In order to start manipulating graphs using DukeGuess, we first need to get a graph opened! In this example we will open up a graph representing the characters and relationships between characters in the first season of the popular show "24".
Start DukeGuess by double clicking on "DukeGuess.jar" in the "DukeGuess" folder.
DukeGuess now displays a file loader box. First, click the button labeled "..." and then select the file called "twentyFour.gdf". Then click "Ok"
You should now have a graph that looks something like this:
What you see now is the main DukeGuess application. You will be doing all of your graph manipulations from this screen. The area showing blue blocks and green lines is called the Visualization area. In the visualization area you can zoom in and out, move nodes (squares) and edges(lines), and move the "camera" around.
The white area below the visualization area with the ">>>" prompt is called the Interpreter. The function of the Interpreter is to take Python code commands and use them to manipulate the way the graph looks, or to found out more information about the graph. We will go into more detail on how to use the interpreter later.
In order to view more information about the graph, go to the "Display" menu at the top and click on "Information Window". DukeGuess now displays an information window to the left. When the mouse hovers over a node or edge, the information window will display detailed information for it in this new window.
When DukeGuess first loads a graph, it automatically loads it with the "random" layout. This means that nodes placed at random locations within the window. While the random layout can have interesting results, it is generally not the most helpful for examining the structure of a graph. Fortunately, DukeGuess has several built-in layouts that are interesting to view and simple to run. To access them, go to the "Layout" menu at the top of the window and select the layout you desire. In this case, lets select the "GEM" Layout. It is a good layout that organizes things nicely.
Using the Panel is fairly simple. Before you may use any of the buttons, though, you must select a node. You may do this in two different ways: either click on a node, or type its name into the text box and hit enter (Note that capitalization DOES matter). This will make the node "selected" and turn its color red. To select a different node, simply click on a different node or enter a different name into the text box. To clear a selected node without selecting another, click on the "Clear Current Node" button.
The buttons labeled "Get outdegree" and "Get Betweenness" operate in similar ways. Once you have selected a node, if you click on the outdegree button the outdegree of the selected node is printed to the text box. If you click on betweenness, the betweenness is printed to the text box.
For more information on outdegree and betweennness, see their Wikipedia articles: Degree on Wikipedia and Betweenness on Wikipedia
This is a simple button that allows you to highlight all the selected nodes neighbors. A neighbor is a node that is directly connected to the selected node. This button will turn all the neighbors orange. If you would like to return them to their original color either click the "Clear Current Node" button or click on a different node.
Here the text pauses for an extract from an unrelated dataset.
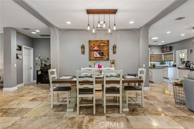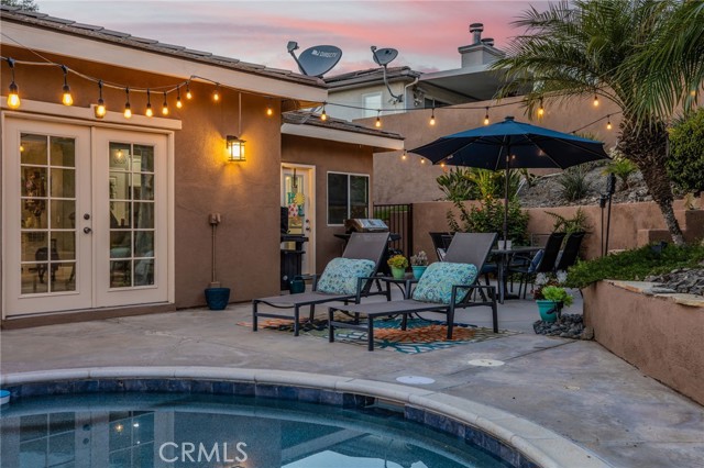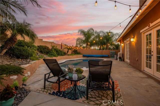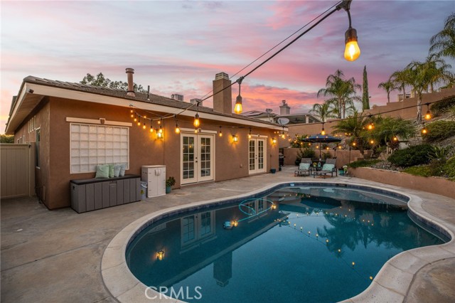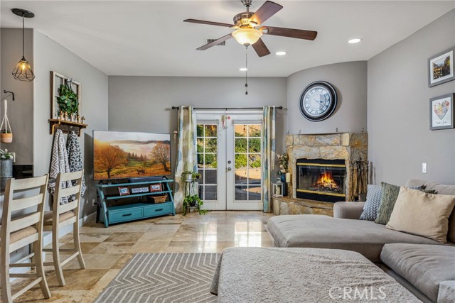 Welcome to this stunning single-story Canyon Lake pool home, offering 4 bedrooms, 3 bathrooms, and approximately 2,400 square feet of beautifully designed living space. Built in 2003, this home immediately impresses with gorgeous curb appeal highlighted by elegant stonework and a well-maintained exterior. Inside, travertine flooring flows seamlessly through the main living areas, complementing the tall ceilings, recessed lighting, and modern fixtures throughout. The expansive open floor plan is ideal for both everyday living and entertaining. The wide kitchen features a large center island, propane cooktop, stone backsplash, under-cabinet lighting, and stainless steel appliances — perfectly positioned to stay connected to the main living spaces. The thoughtfully designed layout offers excellent privacy, with two guest bedrooms connected by a remodeled Jack-and-Jill bathroom on one side of the home, an additional bedroom on the opposite side, and a separate fully remodeled hallway bathroom for guests. A dedicated indoor laundry room adds convenience. The primary suite is a true retreat, featuring backyard access and a beautifully remodeled en-suite bathroom with dual vanities, a separate soaking tub and walk-in shower, and a dual propane fireplace for added luxury. Step outside to your private backyard oasis, complete with a newly finished PebbleTec pool and multiple patio seating areas — perfect for relaxing or entertaining year-round. Additional highlights include paid-off solar with monthly credits, two newer HVAC units, and the ease of all living spaces on one level. A rare blend of style, functionality, and energy efficiency — this Canyon Lake pool home is truly move-in ready.Canyon Lake offers offers a low 1.1% tax base with no Mello Roos bonds, 384 acre waterski/fishing lake, 16 parks most with beaches and playsets, basketball courts, baseball fields, tennis & pickle ball courts, equestrian center, 18 hole golf course, pools, dog park,has golf cart friendly streets, slalom course, ski jump, restaurants, community events and so much more!!! Live life on vacation in Canyon Lake!

This button is a more powerful version of the "Highlight Neighbors" button. Instead of highlighting just neighbors, you can dictate the distance away a node must be from your selected node in order to be highlighted orange. For example, if you select "2" for Jack, but it will select all the neighbors for Jack's neighbors whom Jack does not have a connection with. These nodes are a distance of 2 away.
When you click on the "Highlight Nodes X Edges Away" button, a box comes up asking you to enter the distance you would like to highlight. Either enter a distance or type "all". If you type "all", something a little bit different will happen. Instead of highlighting nodes at just one set distance, the program will highlight nodes at every distance according to their distance. For example, neighbors will be highlighted one color, nodes 2 away will be highlighted another color, nodes 3 away another color, and so on. Nodes that are not reachable from the selected node (a distance of infinity) will be highlighted black. A color key also pops up to help you identify the colors.
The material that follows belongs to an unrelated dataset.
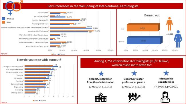 Several studies suggest differences in burnout and coping mechanisms between female and male physicians.1-3 We conducted an international, anonymous, online survey exploring sex-based differences in the well-being of interventional cardiologists.
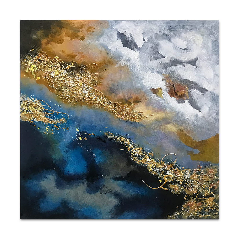 A cascade of luminous gold threads weaves through a celestial landscape of deep blues, soft whites, and earthy tones. This piece captures the ethereal dance between light and shadow, where fluid motion contrasts with intricate detail. The gilded elements shimmer like veins of treasure within the earth, bridging the tangible and the transcendent. Evoking the boundless expanse of sky and sea, 'Auric Drift' invites the viewer to journey through a world of discovery, where each layer reveals a story of transformation, energy, and the quiet splendor of nature’s grandeur.

The last two buttons, "Save Group" and "Clear Group" have a specialized function. If you hold the shift key and left click on a node, you'll notice it changes color to a light blue. This means the node has been added to a group. To deselect a node from the group, shift-click it again.If you would like to save this group click on the "Save Group" button. If you would like to completely clear the list, click on the "Clear Group" button.
Any groups that you save will be available for use in the Interpreter for the rest of your DukeGuess session.
The Interpreter is the most powerful part of the Guess program, but it is also the most complicated to learn how to use. It allows you to access the different qualities of individual nodes, groups of nodes, edges, and the entire graph.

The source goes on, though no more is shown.